他の診療科の医師が精神科の情報を必要とする場合、通常は「現在服用している薬の情報」や「血液検査、脳波検査などの検査記録」など、治療に直接的に関わる最小限のデータで十分なことが多いです。
提案:情報共有の細分化
このような特性を踏まえると、精神科の詳細な情報をすべて開示するのではなく、必要最小限の情報だけを共有するような設計が望ましいと考えられます。具体的には、電子カルテに入力する際に、「どこまで他の診療科や外部機関に共有するか」を患者さんや医師が選択できる機能の実装が求められます。
<将来に向けた予測と懸念>
遠隔診療とデータ化
近年普及が進む遠隔診療(オンラインでの診察など)では、ビデオ診察の録画データが電子カルテに保存される可能性もあります。これにより、さらに詳細な患者情報がデータ化されることになります。
製薬会社によるデータ活用
患者さんのデータが詳細化され、量が増えれば増えるほど、それは製薬会社にとって非常に価値のあるマーケティングや研究資源となり得ます。患者さんの同意なしにこのような情報が活用されることのないよう、慎重な対応が求められます。
<全体まとめ>
医療DXは、医療の効率化や利便性の向上を目指すものですが、同時に情報漏洩のリスク拡大、管理主体の不透明化、そして個人の尊厳侵害といった重大な問題を抱えています。特に精神科領域においては、情報の性質上、より慎重な設計と、患者さん本人の同意と選択権を重視した情報管理が不可欠です。

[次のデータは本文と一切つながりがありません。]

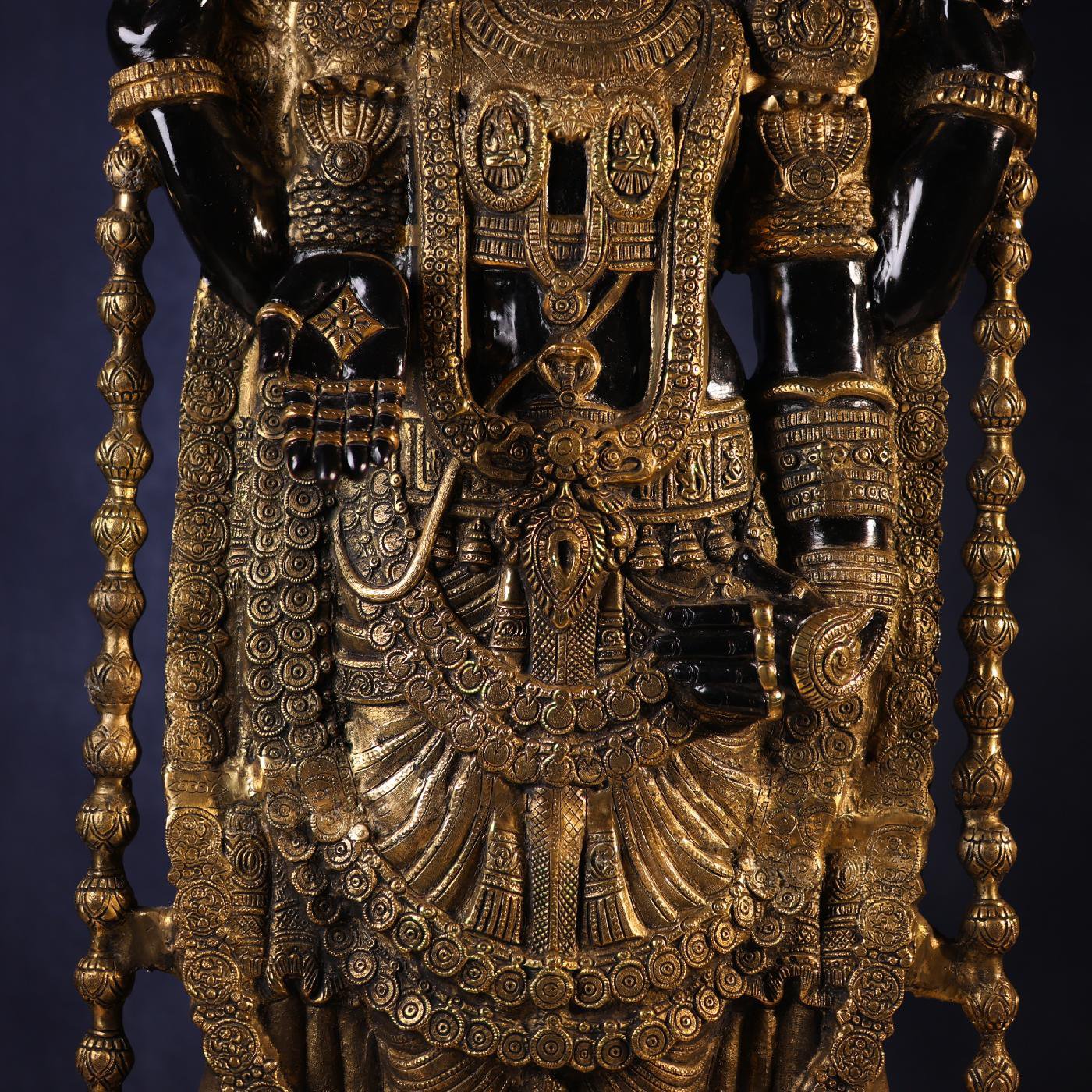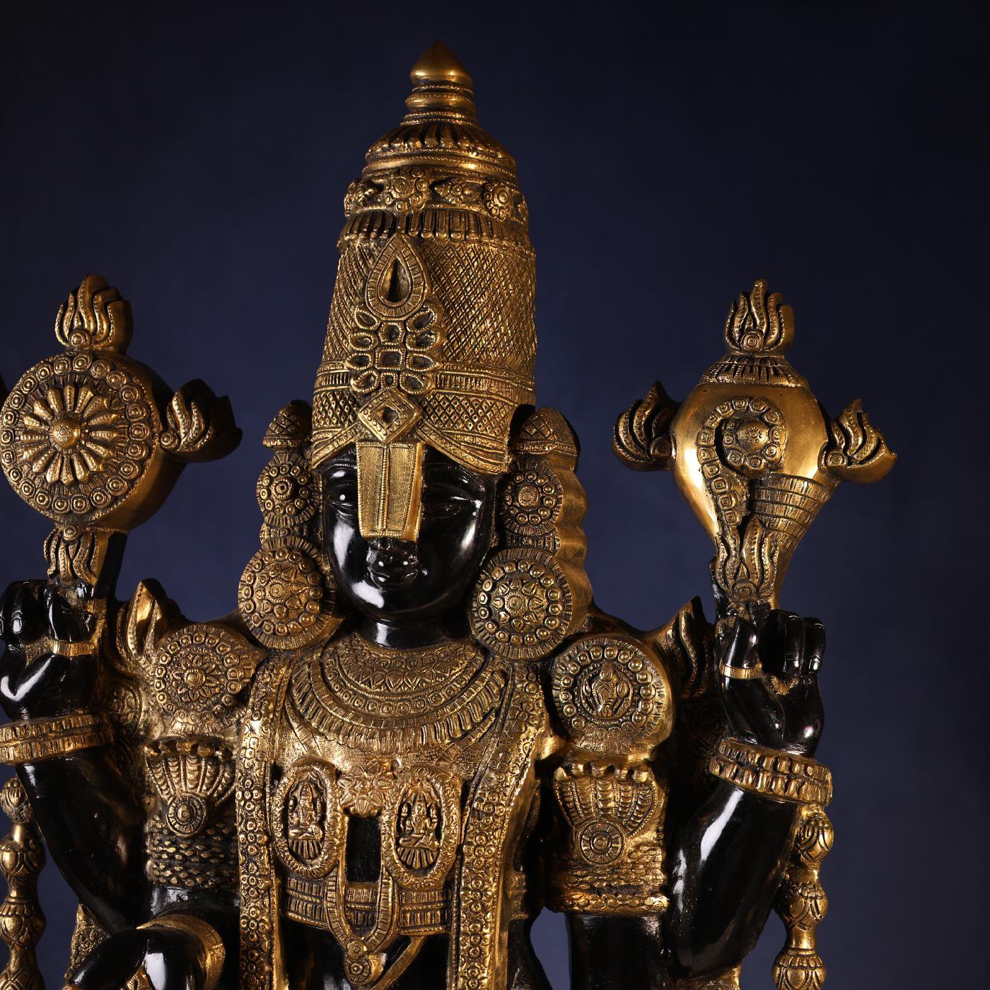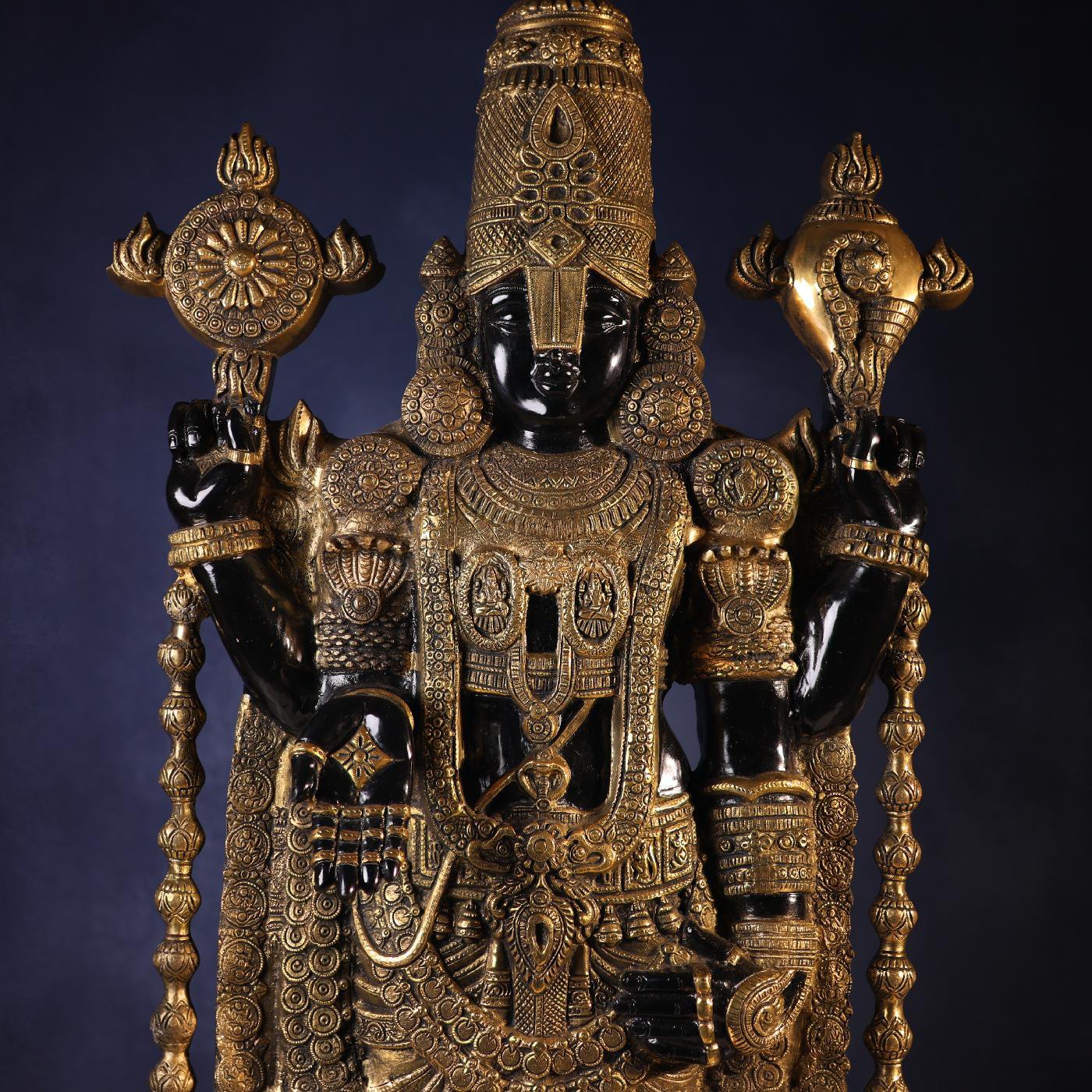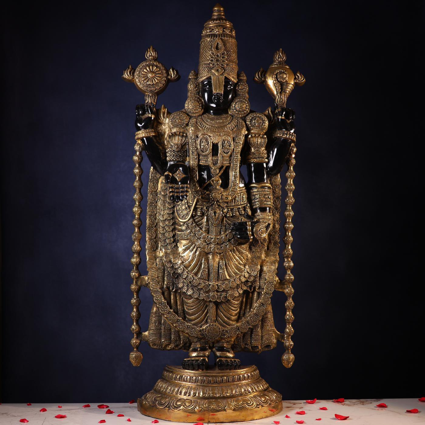 Experience the divine magnificence of Lord Venkateswara with this 48-inch Large Brass Black Colour Tirupati Balaji Idol. Expertly handcrafted with remarkable precision, this grand statue radiates spiritual energy, peace, and prosperity. Its striking black finish enhances the regal presence of Lord Balaji, making it a perfect centerpiece for temples, spiritual halls, or sacred home décor.
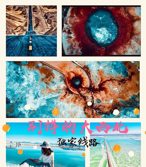 第一站——网红景点:U型公路(三个钟才到达)途经小柴旦湖,挺漂亮(早餐还没吃就出发赶路,后到了清真店吃了碟番茄鸡蛋拌面,20/碗,路途都很偏,资源紧张,水:70/一方,所以去洗手间都是个大大问题,大多是旱厕,忍受不了的就要憋了) 第二站——东台吉乃尔湖(中国的“马尔代夫”一定要去,与青海湖相比更漂亮。)不用门票里面有帮航拍100/人,还有水中有玻璃船50/人,穿裙拍出来更好看哦。 第三站——远看的水上雅丹(门票130/人)没进去就远观,水是衔接东台吉乃尔湖,就是插入了一些雅丹地貌泉水 从青海——敦煌路上: 途经:阿当山(在公路遇见一大货车在运输发电大风车,撞到小轿车,瞬间令整条公路大塞车,长长车龙,左边都塞住的都是大货车) 再途经阿克塞——石油小镇(魔鬼城)(门票40/人)没进去,攻略写:一辆烂的大货车做焦点,进去拍照。一点都不感冒所以就没去了。
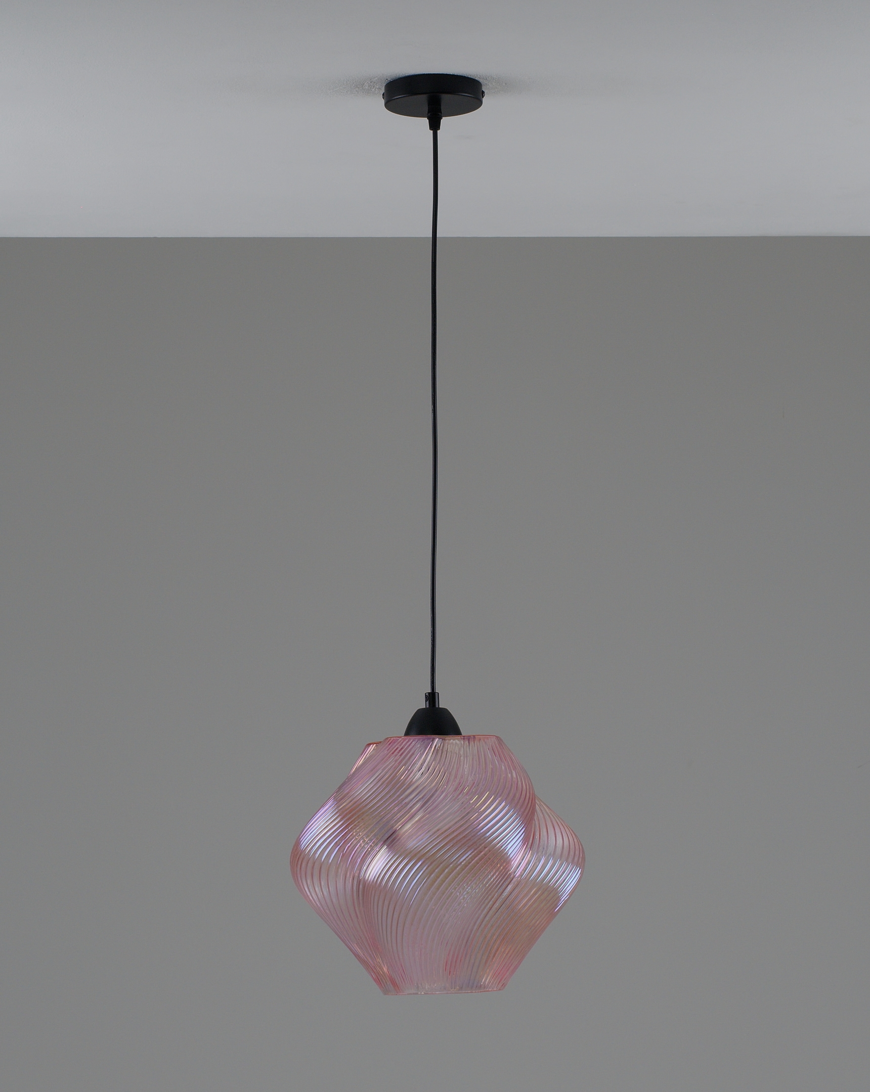 Современный стиль с характером. Модель выполнена в трендовой цветовой гамме, где розовое стекло сочетается с чёрным металлическим основанием. Круглая форма плафона с плавными изгибами делает светильник стильным акцентом, уместным как в домашнем интерьере, так и в кафе, гостиницах или других общественных пространствах.
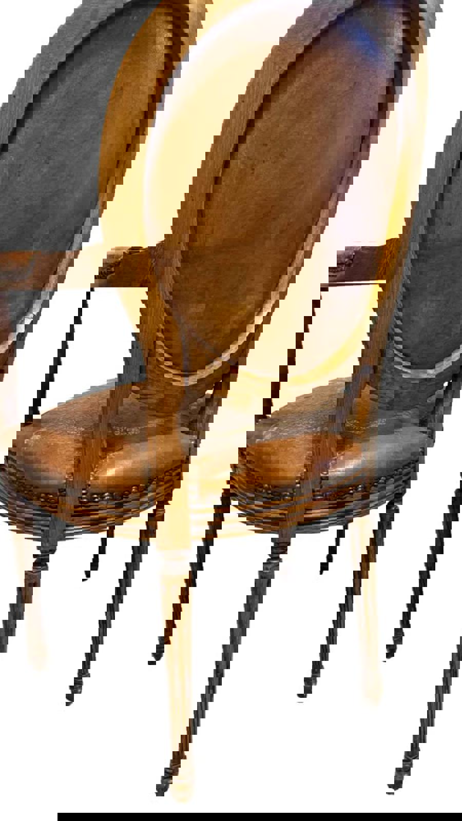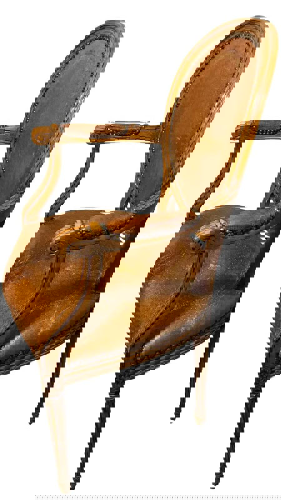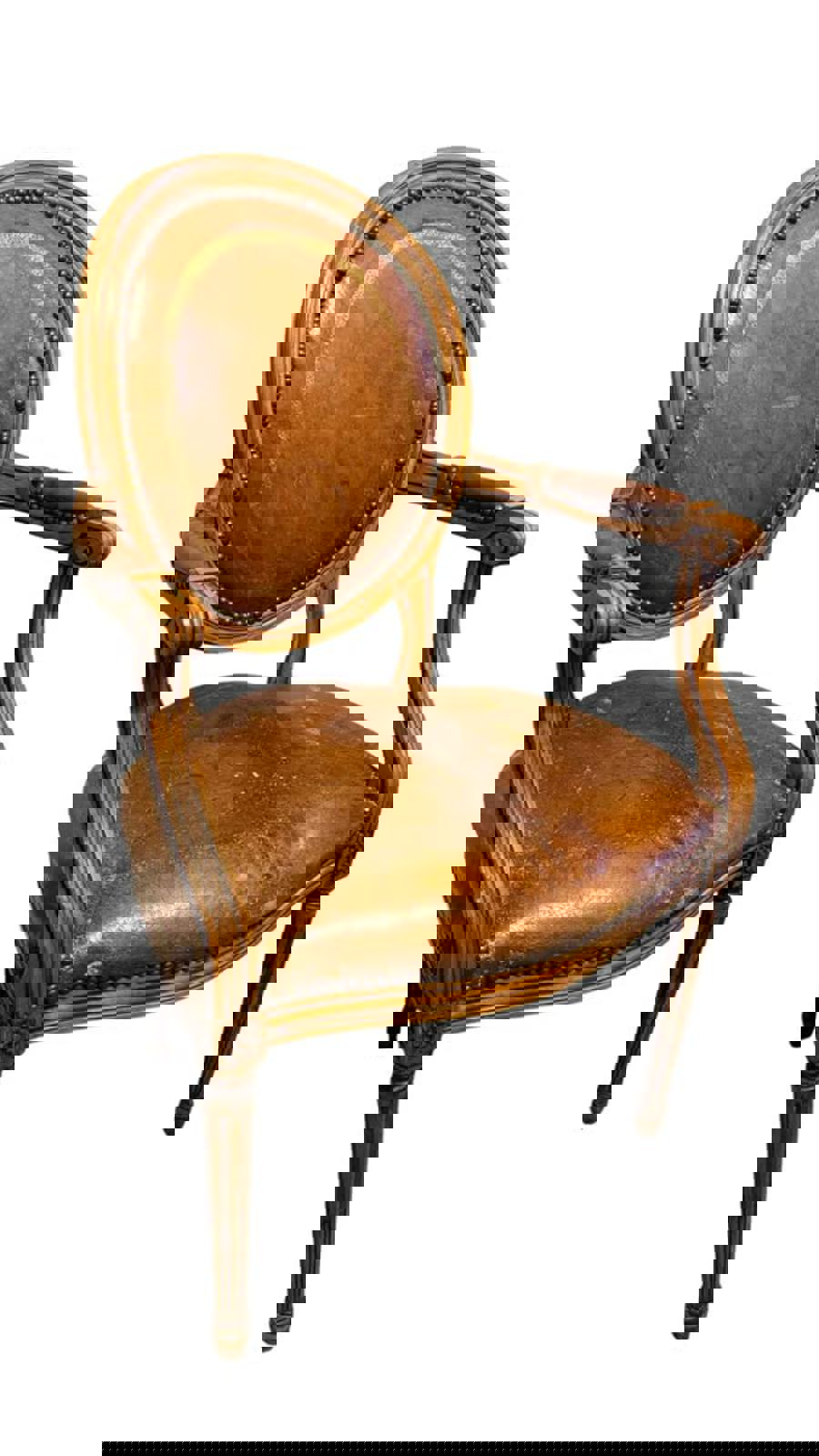 Leather and Wood French Louis XVI Style with cameo back and gilded leather seat. Fauteuil arm chair needs restoration of the frame, under the seat and the leather. Early 1920's. Measures 37.75" tall, 22.5" wide, 22.75" deep from front of seat to back of the backrest. Seat height is 19".
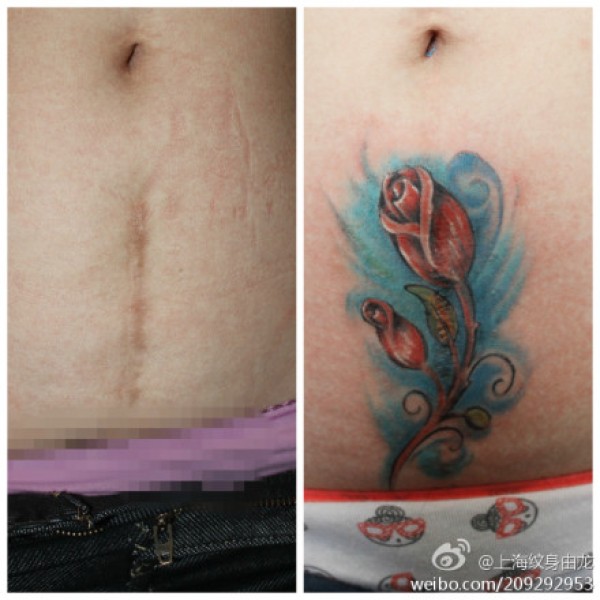 女生剖腹产疤痕遮盖纹身_女生纹身图案大全_纹身图吧
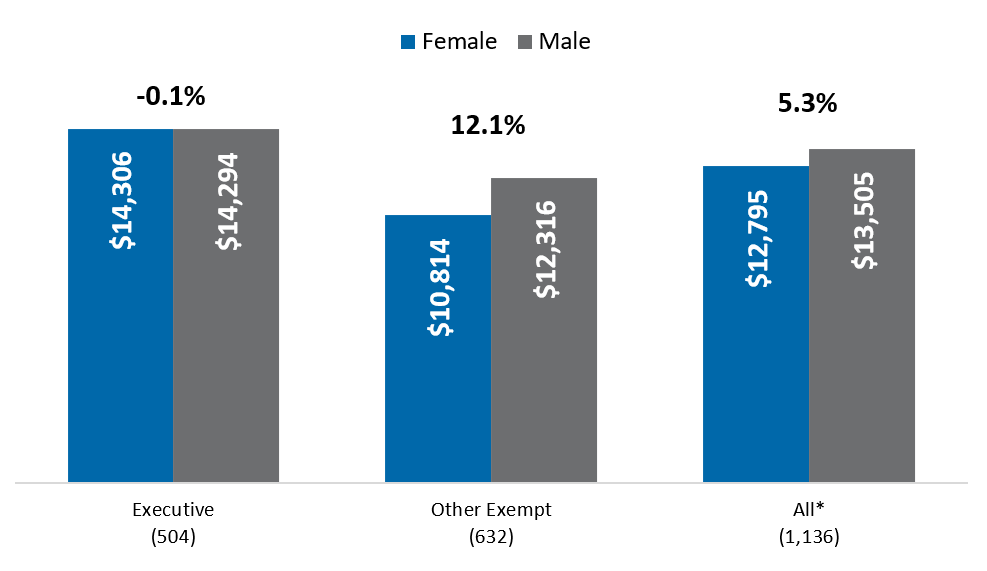 When focusing on just the Executive-Level Exempt positions, the median base pay was very comparable for females and males across these categories.
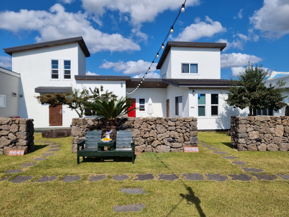 Ovo je smještaj za parove koji se nalaze u mirnom selu istočno od Jejua (2 odrasle osobe). Nema dodatnih ljudi. Seongsan Ilchulbong Peak Seopjikoji 15 minuta u Udu 15 minuta. Cvjetovi trešnje u proljeće Parovi imaju privatnu baštu u kojoj možete vidjeti kameliju zimi. Postoji mramorno srce za dvije osobe i lijepa prostorija za kupanje na otvorenom s nekoliko umivaonika. Možete se okupati dok gledate kameni zid i pogled na bambus ■Postoje dvije kuće i nasumično su dodijeljene. Svaki boravak ima projektor s gredama i Marshallov zvučnik. Opremljen je ^ ^ Cook TV Netflix je povezan Možete gledati zemaljske filmove. (Možete ući nakon 4 sata. Rani dolazak nije moguć) Nema kuhanja i nema roštilja. Nema mašine za pranje veša.● Nikada ne mijenjajte datum. Ne, ● naš smještaj je nezgodan za prevoz Preporučujemo vam da koristite iznajmljeni automobil. Osim osobe koja je izvršila rezervaciju, Ulaz je zabranjen. Ako dođe do kršenja propisa, iselićemo se. 2 minute hoda od našeg nekretnina. Stanica za punjenje električnih vozila se nalazi na parkingu galerije Kim Young Gap. Postoji. Dolazak pomaže u samostalnom dolasku

あなたの医療情報がどのように扱われるべきか、あなたはどのように考えますか?
<編集部から>この福冨さんの記事(AIが共著者というのがさすがというか、デジタル化に乗り遅れている私には、デジタル化は既に進んでいて、だからどうつきあうか、歯止めをかけるべきかの工夫は必須なのだろうと感じさせられました)は、4月号の「医療のDX化はバラ色の未来なのか?」から毎号つづいているシリーズの一区切りとなるものです。これについては、全国の当事者グループにお送りしてご意見をお願いしていますが、今のところ反響はありません。自分のことを考えても上記のように、取り組みが必須と感じてもどうすればいいのやらという感じなのでそういう人も少なくないとは思いますが、ずっと続く課題なのでねばり強く取り組んでいきましょう。